PROBLEM TO WORK ON: A line below contains "Niedliches Küken und", and a later one contains "Pattern of hummingbirds". Repeat both, with every line between them, exactly.

TASK MATERIAL:
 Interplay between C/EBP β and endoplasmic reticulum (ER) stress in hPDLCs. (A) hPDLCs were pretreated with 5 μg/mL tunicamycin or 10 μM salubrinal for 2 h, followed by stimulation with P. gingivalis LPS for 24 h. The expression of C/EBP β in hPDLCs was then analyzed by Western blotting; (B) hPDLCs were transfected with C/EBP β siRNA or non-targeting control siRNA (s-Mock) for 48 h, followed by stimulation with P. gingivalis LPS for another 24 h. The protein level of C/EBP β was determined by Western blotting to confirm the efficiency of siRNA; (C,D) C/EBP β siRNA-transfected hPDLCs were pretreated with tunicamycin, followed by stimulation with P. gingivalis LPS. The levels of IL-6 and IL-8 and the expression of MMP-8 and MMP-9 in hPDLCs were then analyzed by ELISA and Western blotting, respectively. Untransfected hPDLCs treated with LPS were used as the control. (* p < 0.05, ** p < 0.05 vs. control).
---
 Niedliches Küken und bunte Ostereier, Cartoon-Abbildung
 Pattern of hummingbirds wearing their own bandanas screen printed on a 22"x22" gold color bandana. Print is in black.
...
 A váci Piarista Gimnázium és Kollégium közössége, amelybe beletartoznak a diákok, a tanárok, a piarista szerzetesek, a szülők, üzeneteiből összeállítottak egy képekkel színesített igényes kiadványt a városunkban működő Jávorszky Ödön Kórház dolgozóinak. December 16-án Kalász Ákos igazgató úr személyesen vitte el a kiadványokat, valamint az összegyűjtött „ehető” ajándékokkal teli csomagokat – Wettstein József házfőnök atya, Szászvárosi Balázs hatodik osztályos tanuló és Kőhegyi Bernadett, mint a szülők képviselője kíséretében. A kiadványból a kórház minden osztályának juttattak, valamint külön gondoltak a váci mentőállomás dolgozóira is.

SOLUTION TO THIS PROBLEM:
 Niedliches Küken und bunte Ostereier, Cartoon-Abbildung
 Pattern of hummingbirds wearing their own bandanas screen printed on a 22"x22" gold color bandana. Print is in black.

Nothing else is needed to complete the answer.